**** Collected material

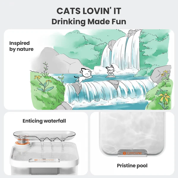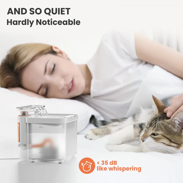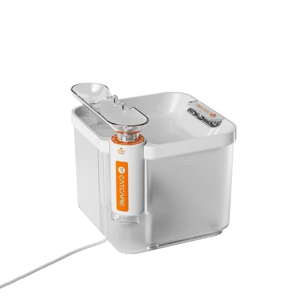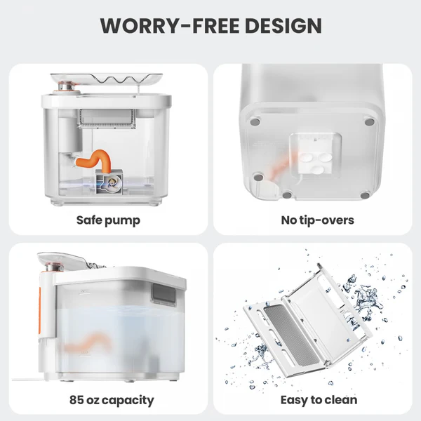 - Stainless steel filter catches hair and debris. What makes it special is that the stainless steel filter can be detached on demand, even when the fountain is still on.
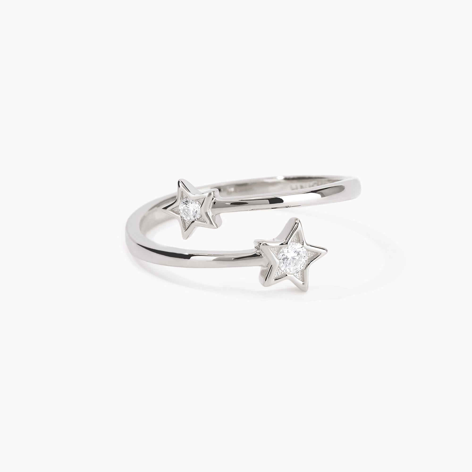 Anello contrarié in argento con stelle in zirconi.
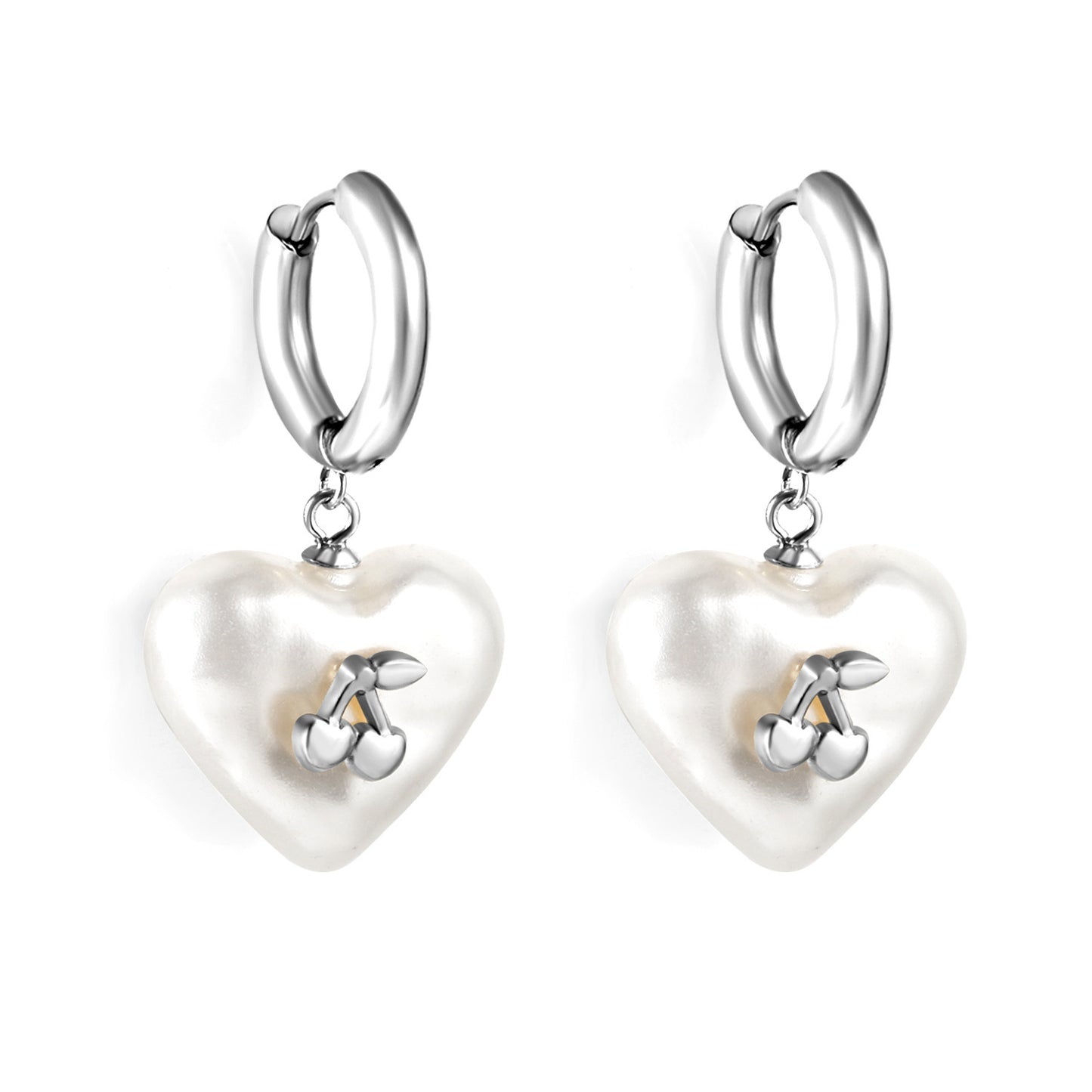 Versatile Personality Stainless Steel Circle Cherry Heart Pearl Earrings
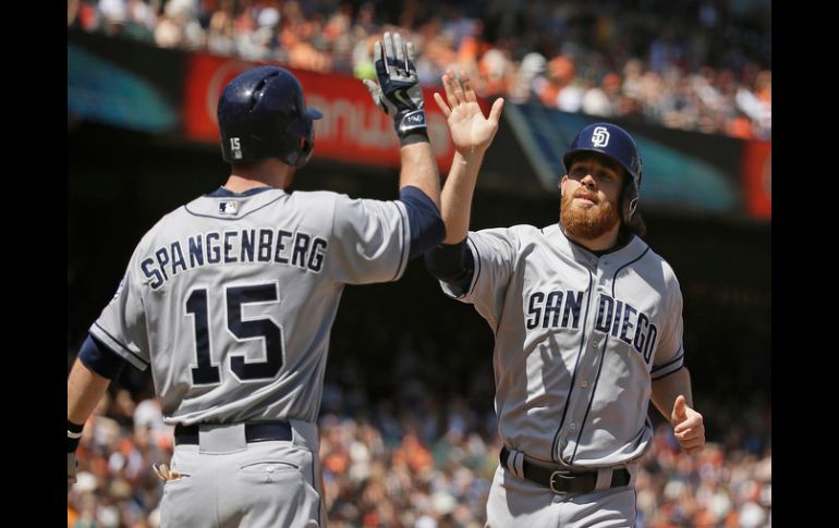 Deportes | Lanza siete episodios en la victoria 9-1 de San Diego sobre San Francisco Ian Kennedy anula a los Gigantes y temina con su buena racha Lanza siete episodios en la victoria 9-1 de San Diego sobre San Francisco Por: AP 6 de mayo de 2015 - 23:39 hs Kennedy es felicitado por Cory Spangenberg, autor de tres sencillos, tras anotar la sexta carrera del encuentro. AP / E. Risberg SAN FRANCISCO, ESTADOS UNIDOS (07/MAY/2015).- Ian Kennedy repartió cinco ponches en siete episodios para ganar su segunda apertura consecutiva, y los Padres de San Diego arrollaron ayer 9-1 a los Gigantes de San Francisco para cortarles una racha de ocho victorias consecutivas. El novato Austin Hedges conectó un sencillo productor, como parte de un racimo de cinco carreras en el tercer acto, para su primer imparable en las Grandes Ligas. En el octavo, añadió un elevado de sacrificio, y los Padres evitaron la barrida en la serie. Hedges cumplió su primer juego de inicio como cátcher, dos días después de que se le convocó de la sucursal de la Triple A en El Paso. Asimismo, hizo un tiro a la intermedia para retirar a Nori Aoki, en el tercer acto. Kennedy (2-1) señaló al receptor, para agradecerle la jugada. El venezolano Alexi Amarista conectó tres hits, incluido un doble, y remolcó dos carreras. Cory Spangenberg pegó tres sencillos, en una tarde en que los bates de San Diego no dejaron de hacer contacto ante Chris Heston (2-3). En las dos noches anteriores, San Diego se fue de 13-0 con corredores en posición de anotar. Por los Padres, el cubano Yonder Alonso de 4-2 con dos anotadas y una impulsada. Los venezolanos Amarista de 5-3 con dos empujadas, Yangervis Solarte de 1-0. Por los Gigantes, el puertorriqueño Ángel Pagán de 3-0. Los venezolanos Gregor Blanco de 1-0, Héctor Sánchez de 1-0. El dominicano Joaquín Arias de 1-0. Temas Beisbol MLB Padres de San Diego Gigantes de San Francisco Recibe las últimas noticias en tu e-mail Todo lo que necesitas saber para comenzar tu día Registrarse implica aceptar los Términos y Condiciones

********

◆ Task
Return exactly the lines above, from the one with "Anello contrarié in" up to and including the one with "Versatile Personality Stainless", and include no pictures.

◆ Solution for this problem
 Anello contrarié in argento con stelle in zirconi.
 Versatile Personality Stainless Steel Circle Cherry Heart Pearl Earrings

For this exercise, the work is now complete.